Multilayered Perceptron is a feed-forward artificial neural network model [37]. It is a modification of the standard linear perceptron in that it uses three or more layers of neurons (nodes) with nonlinear activation functions, and is more powerful than simple perceptron in that it can distinguish data that are not linearly separable, or separable by a hyperplane. It consists of an input and an output layer with one or more hidden layers of nonlinearly-activating nodes. Each node in one layer connects with a certain weight to every other node in the following layer. The implementation we have adopted is the one included in the Weka software distribution [36]. We used the Back-propagation learning algorithm [37] and the values used for all the parameters are reported in Table 7. As for the previously discussed machine learning methods, also in the case of Multilayered Perceptron it is important to point out that we used a parameter setting as standard as possible, without doing any fine parameter tuning for this particular application. Our goal is, in fact, to compare different computational methods under standard conditions and not to solve in the best possible way the application itself. In particular, all the values reported in Table 7 correspond to the default ones adopted by the Weka software.

Random Forests

Random Forests denotes an improved Classification and Regression Trees method [38]. It works by creating a large number of classification trees or regression trees. Every tree is built using a deterministic algorithm and the trees are different owing to two factors. First, at each node, a best split is chosen from a random subset of the predictors rather than from all of them. Secondly, every tree is built using a bootstrap sample of the observations.
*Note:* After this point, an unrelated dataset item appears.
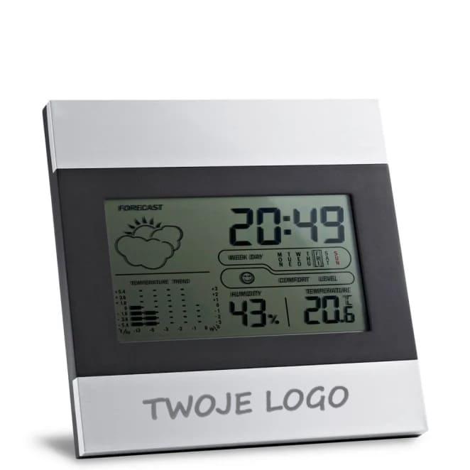 Stacja pogodowa na biurko z ekranem LCD z aluminium i ABS. Zawiera funkcje zegara, alarmu, kalendarza, termometru i pomiaru wilgotności. Zawiera 2 baterie AAA. Dostarczana w białym pudełku. 130 x 130 x 19 mm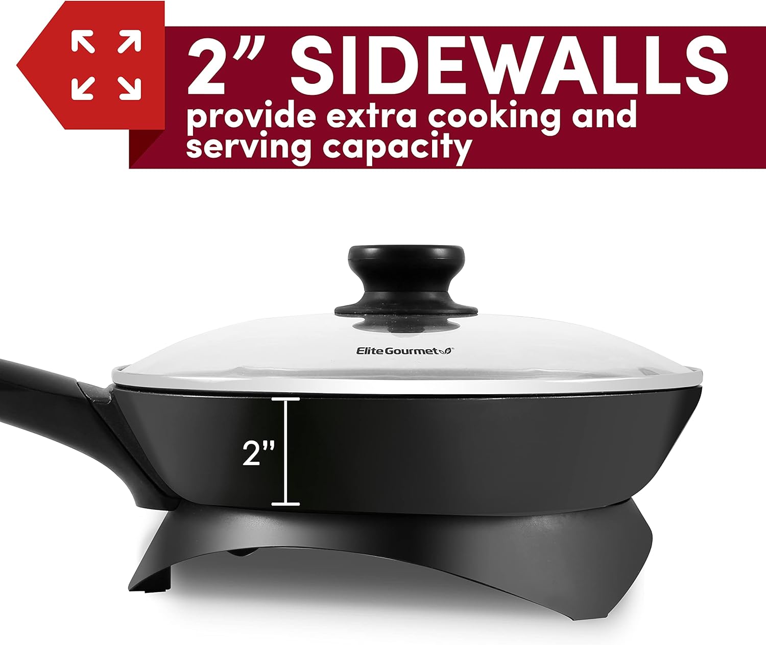 Elite Gourmet EG6207 Scratch Resistant 10.5-inch (2Qt) Fry Pan, Easy-Pour Spout Dishwasher Safe, Non-stick Electric Skillet with Glass Vented Lid, Adjustable Temperature, Black

The out-of-bag data, approximately one-third of the observations, are then used to estimate the prediction accuracy. Unlike other tree algorithms, no pruning or trimming of the fully grown tree is involved. In this work we use the Breiman model presented in [39] and implemented in the Weka software [36]. As it can be seen from Table 7, this method, compared to the other ones, has the advantage of a smaller amount of parameter setting required. In order to allow a fair comparison with GP, we have considered random forests composed by 2500 trees (given that the GP population is composed by 500 trees and it runs for 5 generations, 2500 trees are globally inspected by GP too) and such that each node corresponds to exactly one feature (as it is for GP). All the other parameters eported in Table 7 were set to the standard values offered by the Weka software.


  1. 1.

    As we will discuss later, Genetic Programming (GP) is the only method, among the ones studied in this paper, hat is able to perform automatically a further feature selection and thus identify small subsets of the original signature characterized by high predictive power.

  2. 2.

    Traditionally represented in Lisp notation.

  3. 3.

    We are aware that, in case of minimization problems, the term "fitness" might be inappropriate, given that a fitness is usually a measure that has to be maximized. Nevertheless, we chose to use this term for simplicity.